Zarb-Cousin was, like his former colleague Kevin Slocombe, respected by many lobby journalists as someone who dealt with their queries as efficiently as possible. This is never a given for spinners – there are advisers in all parties who are notorious for not answering their phones or never bothering to do the rounds of the desks in the rabbit warren of offices in Westminster where parliamentary and political journalists work. And though he tells the interviewer in this piece that ‘a lot of them really couldn’t be bothered to engage with what we were trying to put forward’, it was while he worked for the Corbyn team that it managed to score strong coverage of a policy announcement on Labour’s stance on the single market.

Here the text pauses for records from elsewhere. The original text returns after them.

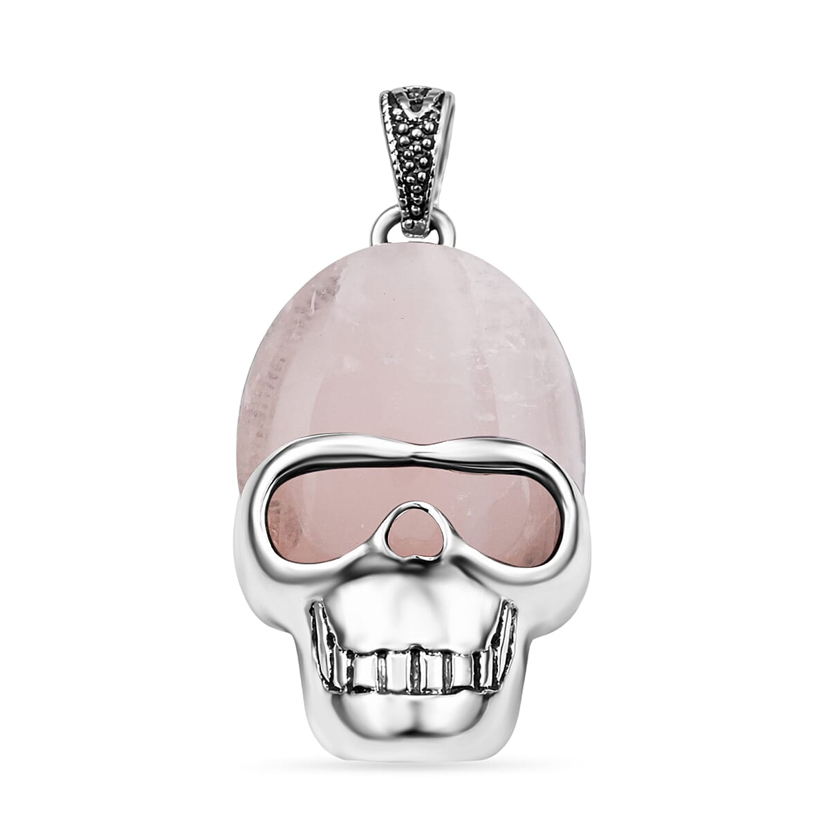 Galilea Rose Quartz 16.50 ctw Skull Pendant in Silvertone with Stainless Steel Necklace 20 Inches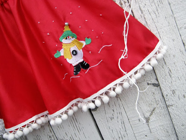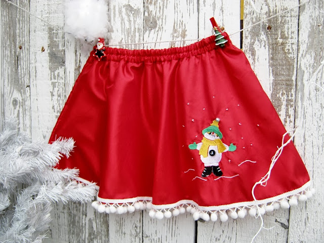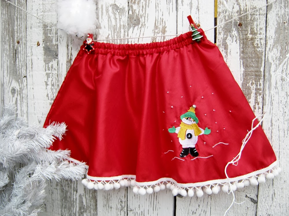 Fustita din tafta rosie cu broderie si ciucurasi, montata pe elastic in talie.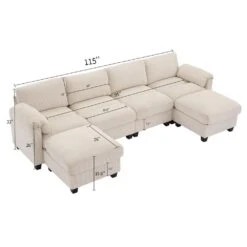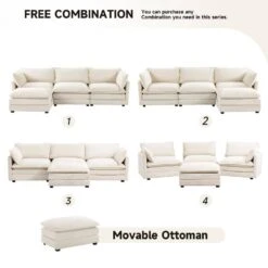 112 In. W 4-Piece Modern Straight Arm Corduroy Fabric L-Shaped Sectional Sofa With Ottoman In Beige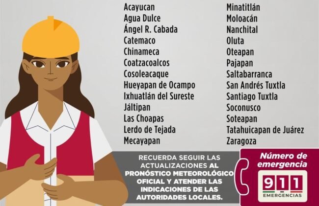 En el caso de Veracruz, se alertó una “emergencia meteorológica” por la cual se anunció la suspensión de clases, en todos los niveles educativos, en: Acayucan, Agua Dulce, Ángel R. Cabada, Catemaco, Chinameca, Coatzacoalcos, Cosoleacaque, Hueyapan de Ocampo, Ixhuatlán del Sureste, Jáltipan, Las Choapas, Lerdo de Tejada, Mecayapan, Minatitlán, Moloacán, Nanchital, Oluta, Oteapan, Pajapan, Saltabarranca, San Andrés Tuxtla, Santiago Tuxtla, Soconusco, Soteapan, Tatahuicapan de Juárez y Zaragoza.

Of course, the problem for Zarb-Cousin and his colleagues is that no matter how many messages from journalists you return and no matter how detailed your briefings ahead of announcements are, they’re no good if your leader then spends the day following that press coverage dithering over whether he actually meant what was briefed, as Corbyn did following that strong coverage of Labour’s new policy on single market membership and freedom of movement.
Here lies one of the central problems for the Corbyn press team – and one that Zarb-Cousin probably arrived too late to have a decent go at fixing. He talks of an anti-Corbyn narrative in the media, saying:
‘When we talk about media bias people think we are alluding to a conspiracy but what you’re actually saying is that an editorial decision is taken that one issue is more important than another. There has been a constant focus on items that would portray Jeremy in a negative light. This feeds their own narrative about him. The way the media frames politics clearly influences public opinion.’
He has a point – and one backed up by former Lib Dem spinner Sean Kemp – that once a politician has offered a certain impression of themselves to the media, that impression sticks, even when it is unfair. Largely journalists have not had to look far for stories about mistakes made by the Labour leadership, but some, such as suggestions he hadn’t managed to bow in the right way at the Cenotaph, were ludicrous examples of the narrative beating actual news.
The problem that Zarb-Cousin encountered was that it is difficult enough to turn the narrative around when that narrative is wholly unfair, but still more difficult when your leader keeps feeding that narrative by messing up policy announcements which had initially been well-received by the press. There are a finite number of opportunities to counter misconceptions of a politician, and most of them come early on in their leadership.
The habitual response of the Left – one that was very much in evidence under Ed Miliband – is to complain about the media. A decent Labour leader – if there is a Labour party left for someone to lead – will be one who accepts media hostility as the starting point, and does everything they can to counter that. And that includes not making the jobs of their media team more difficult by thinking out loud on important policies.
But Zarb-Cousin seems far less bothered by the media than he does by the way his own party apparatus turned on Corbyn. He describes hostile briefings from the party headquarters and MPs going on the record to criticise the leader. This is not the habitual response of the Left: in the run-up to the 2015 election Labour MPs were eerily quiet both on and off the record about what they thought was going to happen to their party when the country voted. That unity is more the Labour way than the current free-for-all in which anyone can say anything with relative impunity. But those MPs decided that keeping quiet about their fears for Ed Miliband’s campaign hadn’t worked out, and so they’d be darned if they’d keep quiet again about a Jeremy Corbyn leadership.
The truth is that Corbyn’s election made clear that there are two parties in Labour who cannot and will not coexist any more. And so if there is another leader of this party after the election, they’d do well to learn from the picture that Zarb-Cousin paints of two irreconcilable tribes and try to lead just one of them, not both.